К сожалению, несмотря на тщательное планирование и строгий отбор, которые проходили молодые матери, в отдельных детях нет-нет да и проявлялся тот или иной дефект. Некоторые младенцы рождались не такими здоровыми и не такими одаренными, как он планировал. Они чаще болели – в особенности воспалением легких, которое стало для таких детей настоящим поветрием, однако брат Гэбриэл не позволял себе расстраиваться из-за отдельных неудач. Как в случае с Дейлом Гордоном и Джемом Хеннингсом, когда какой-то человек переставал быть ему полезен, он попросту забывал о его существовании.

Переходя от колыбельки к колыбельке, брат Гэбриэл с любовью глядел на каждого малыша, а некоторых счастливцев даже гладил по головке. Он специально выбрал для посещения такое время, когда большинство детей уже спали. Больше всего он любил смотреть на младенцев, когда, чистенькие и ухоженные, они негромко посапывали в своих кроватках, а не орали без всякой видимой причины, не срыгивали и не пачкали дорогостоящие памперсы.

Дотрагиваясь до их теплых головок, брат Гэбриэл вспоминал фреску на плафоне Сикстинской капеллы, где бог-отец протягивает руку к Адаму, своему главному творению.
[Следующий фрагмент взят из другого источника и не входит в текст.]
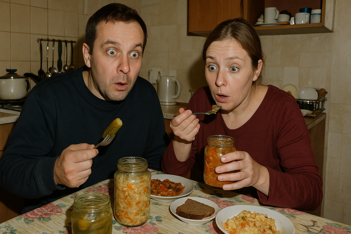 Попробовала — глаза округлились. Игорь тоже кусочек откусил и замер. Потом они всё содержимое сумки перепробовали. Салаты, мясо, варенье.

Ему нравилось шелковистое тепло детской кожи, нравилось рассматривать крошечные ручки и сравнивать их со своими, нравилось представлять этих детей уже взрослыми, с крепкими членами и красивыми лицами.

Но больше всего ему нравилось думать, что все они, когда вырастут, станут его более или менее точными копиями.
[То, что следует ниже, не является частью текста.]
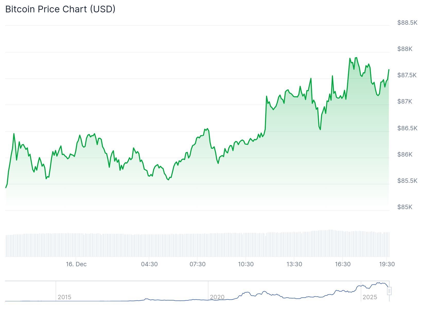 À 17h00, un plus haut provisoire de la journée a été atteint à 88 000 dollars. À ce moment-là, le cours affichait une hausse de près de 3,2 % par rapport au point bas évoqué ce matin.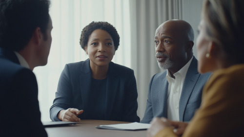 Cinematic close-up of a thoughtful leader gazing outward with a calm expression, in a bright, open office space, guiding a diverse group of individuals towards success. Asymmetrical composition with subtle leading lines directing attention towards the group in the background, each person thoughtfully positioned in conversation. Natural ambient light streaming from large windows creates soft shadows, enhancing a sense of focus and inspiration. Balanced colors with subtle tonal harmony, medium depth of field to keep leader in sharp focus while the background gently blurs Canon 1D X, 35mm lens, Kodachrome film stock, --ar 1:1 --s 500

Неожиданно наткнувшись на пустую кроватку, брат Гэбриэл повернулся к дежурной медсестре, которая сопровождала его с того самого момента, когда он переступил порог детской.

– Это для малыша Мэри, – пояснила Дороти Пью почтительно. – У нее будет девочка. Недели через две, если все пойдет нормально.

– Конечно, все пойдет нормально. Разве может быть иначе?

– Эта кроватка будет готова, когда бы ребенок ни родился, – добавила медсестра.

Дороти Пью работала медсестрой в одной из средних школ в Южной Дакоте, когда брат Гэбриэл впервые услышал о ней и узнал, что она – преданная его последовательница. Результаты, которых она сумела добиться, произвели на него еще более сильное впечатление – эта миссионерша-нелегалка, работая практически в одиночку, сумела обратить и привести в лоно Церкви Благовещения несколько десятков неофитов. Брат Гэбриэл сам позвонил ей и, поблагодарив за самоотверженный труд, предложил оплатить ей переподготовку в качестве медицинской сестры отделения родовспоможения и постнатальной терапии. Как и следовало ожидать, Дороти Пью с радостью приняла предложение жить и работать при Храме. Когда же, закончив курсы повышения квалификации, она узнала, что ей предстоит ухаживать за детьми, рожденными для Программы, ее благодарности не было границ. Брат Гэбриэл даже чувствовал себя неловко – или, по крайней мере, делал вид, будто смущен, – когда Дороти пыталась выражать ему свою признательность на людях.